[TASK INPUTS]
- - - -
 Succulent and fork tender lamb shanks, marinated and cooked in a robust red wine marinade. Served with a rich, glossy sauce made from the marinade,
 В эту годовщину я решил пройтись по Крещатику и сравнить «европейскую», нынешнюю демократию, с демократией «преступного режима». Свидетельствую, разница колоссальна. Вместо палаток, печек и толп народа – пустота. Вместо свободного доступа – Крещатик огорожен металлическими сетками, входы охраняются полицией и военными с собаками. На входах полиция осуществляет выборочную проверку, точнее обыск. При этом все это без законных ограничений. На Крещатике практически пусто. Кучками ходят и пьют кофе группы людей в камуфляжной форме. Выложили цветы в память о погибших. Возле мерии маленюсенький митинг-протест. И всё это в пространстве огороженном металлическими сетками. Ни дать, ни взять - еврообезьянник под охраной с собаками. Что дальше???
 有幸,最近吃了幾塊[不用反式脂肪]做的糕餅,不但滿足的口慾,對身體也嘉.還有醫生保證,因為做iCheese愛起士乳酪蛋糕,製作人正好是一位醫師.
- - - -
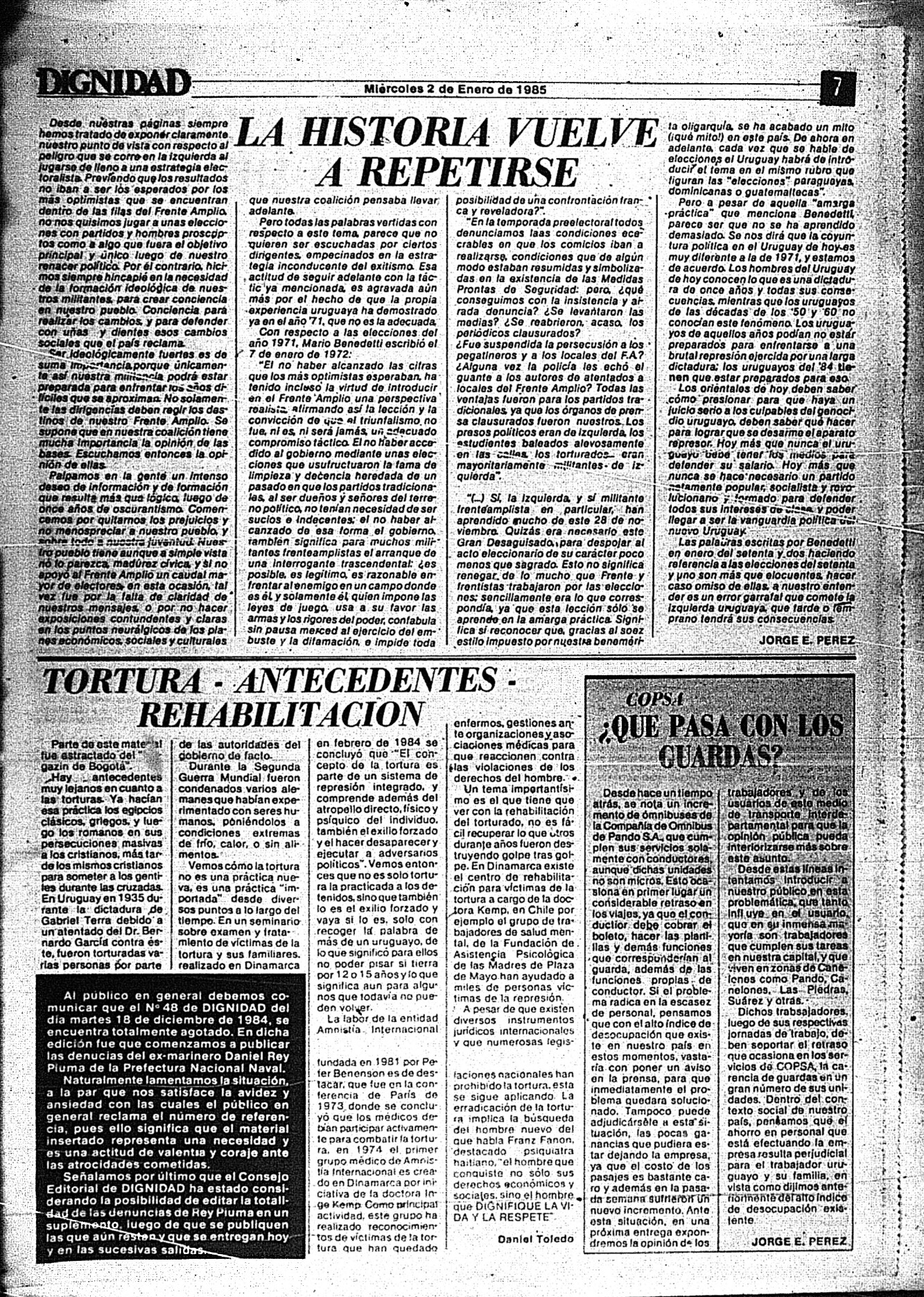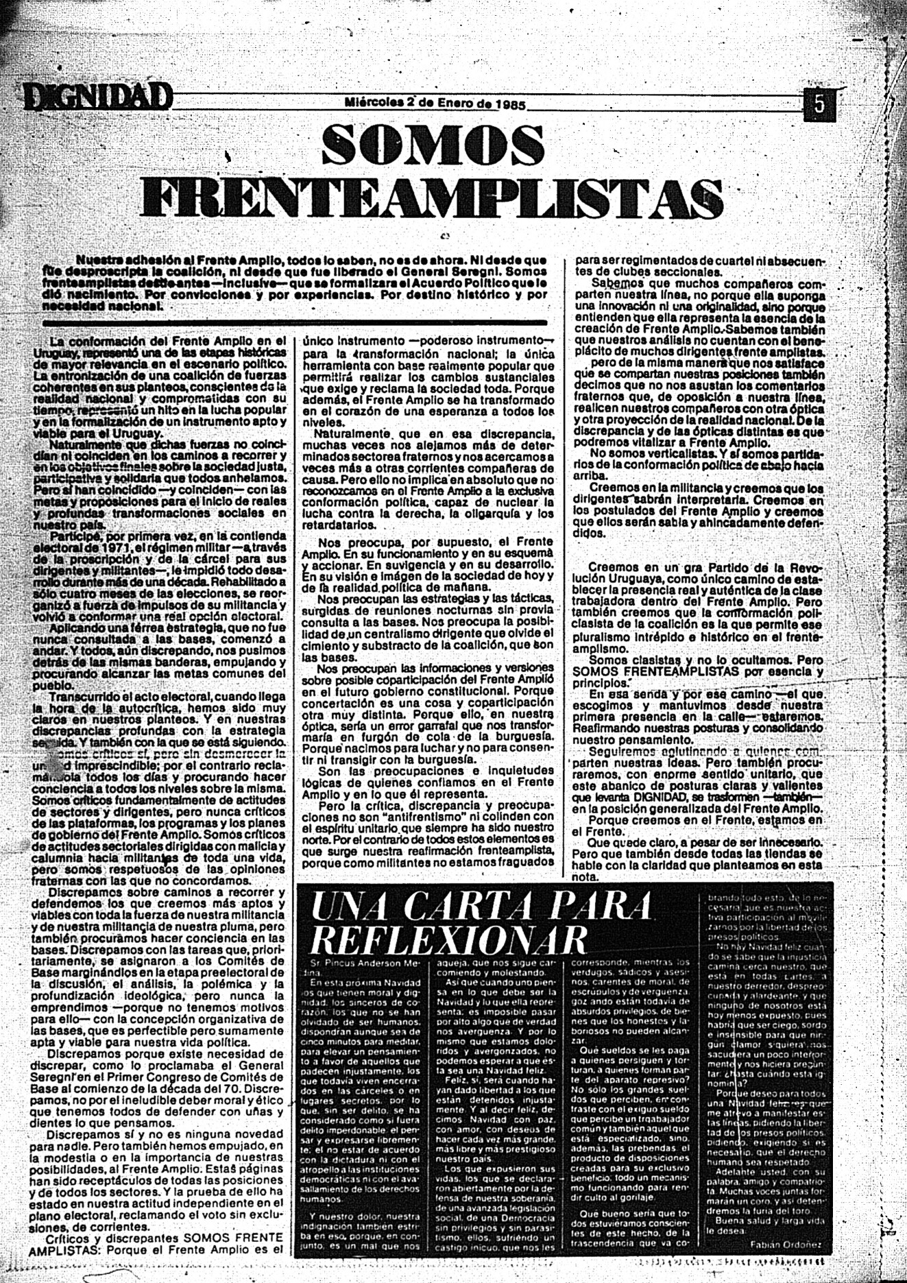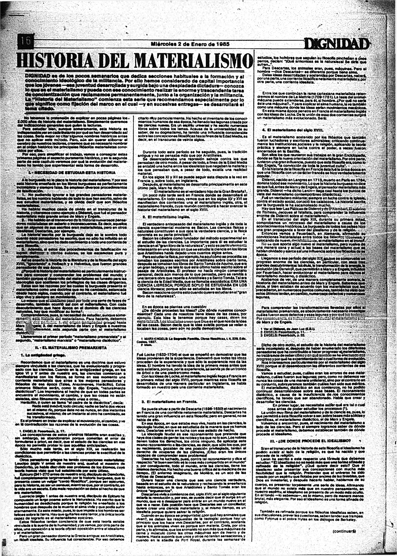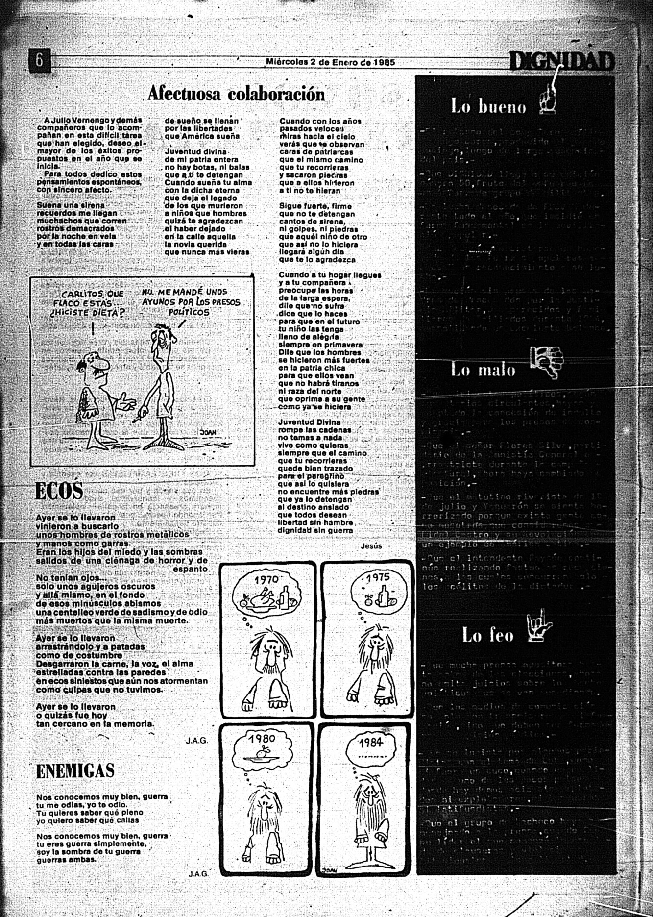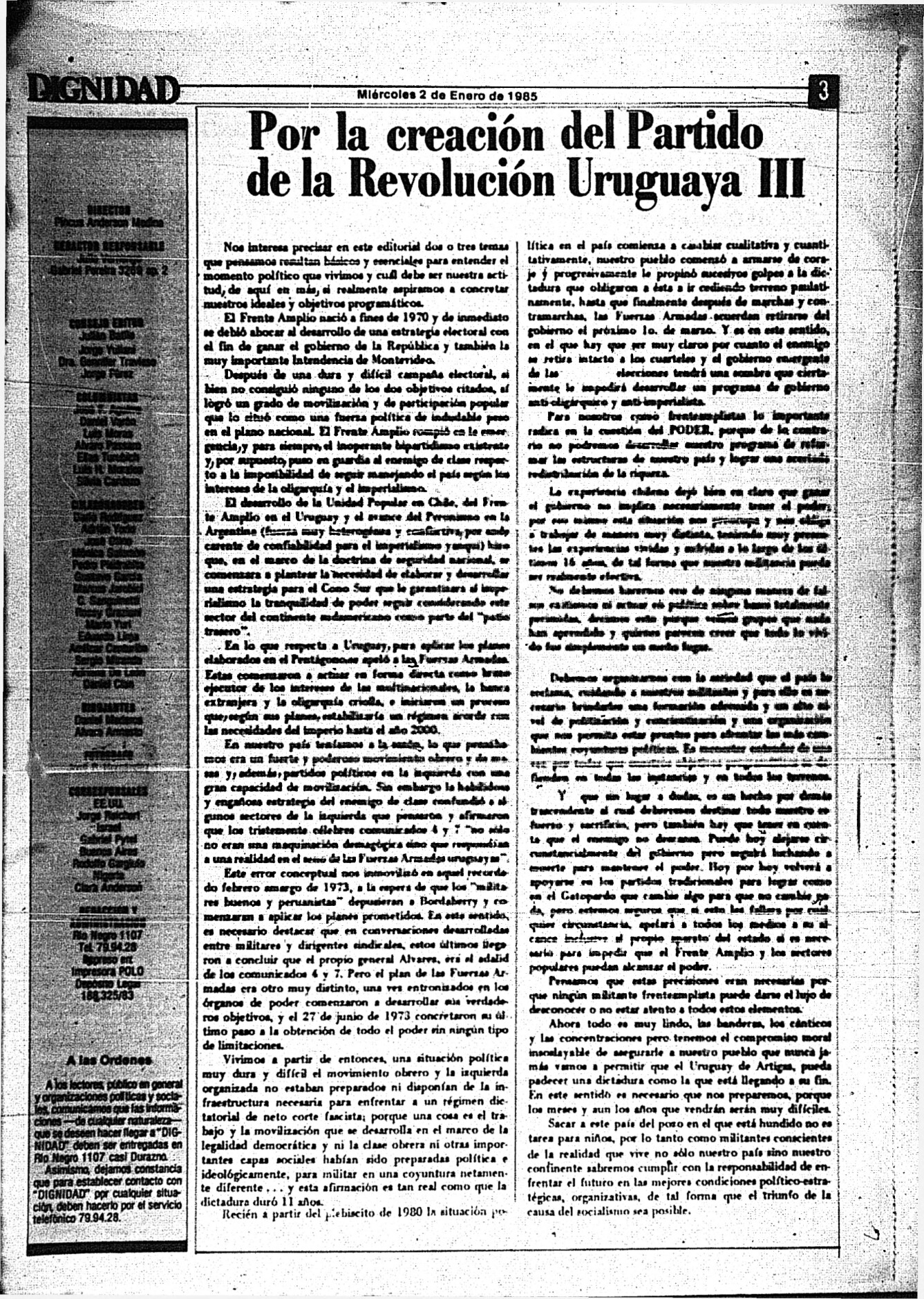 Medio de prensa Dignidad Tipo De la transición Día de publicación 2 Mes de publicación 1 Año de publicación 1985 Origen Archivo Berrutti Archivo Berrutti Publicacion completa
- - - -
[ASSIGNED TASK] Whatever else the listing above holds, retype exactly only the lines from the one containing "Succulent and fork" to the one containing "有幸,最近吃了幾塊[不用反式", both ends kept.

[TASK RESPONSE]
 Succulent and fork tender lamb shanks, marinated and cooked in a robust red wine marinade. Served with a rich, glossy sauce made from the marinade,
 В эту годовщину я решил пройтись по Крещатику и сравнить «европейскую», нынешнюю демократию, с демократией «преступного режима». Свидетельствую, разница колоссальна. Вместо палаток, печек и толп народа – пустота. Вместо свободного доступа – Крещатик огорожен металлическими сетками, входы охраняются полицией и военными с собаками. На входах полиция осуществляет выборочную проверку, точнее обыск. При этом все это без законных ограничений. На Крещатике практически пусто. Кучками ходят и пьют кофе группы людей в камуфляжной форме. Выложили цветы в память о погибших. Возле мерии маленюсенький митинг-протест. И всё это в пространстве огороженном металлическими сетками. Ни дать, ни взять - еврообезьянник под охраной с собаками. Что дальше???
 有幸,最近吃了幾塊[不用反式脂肪]做的糕餅,不但滿足的口慾,對身體也嘉.還有醫生保證,因為做iCheese愛起士乳酪蛋糕,製作人正好是一位醫師.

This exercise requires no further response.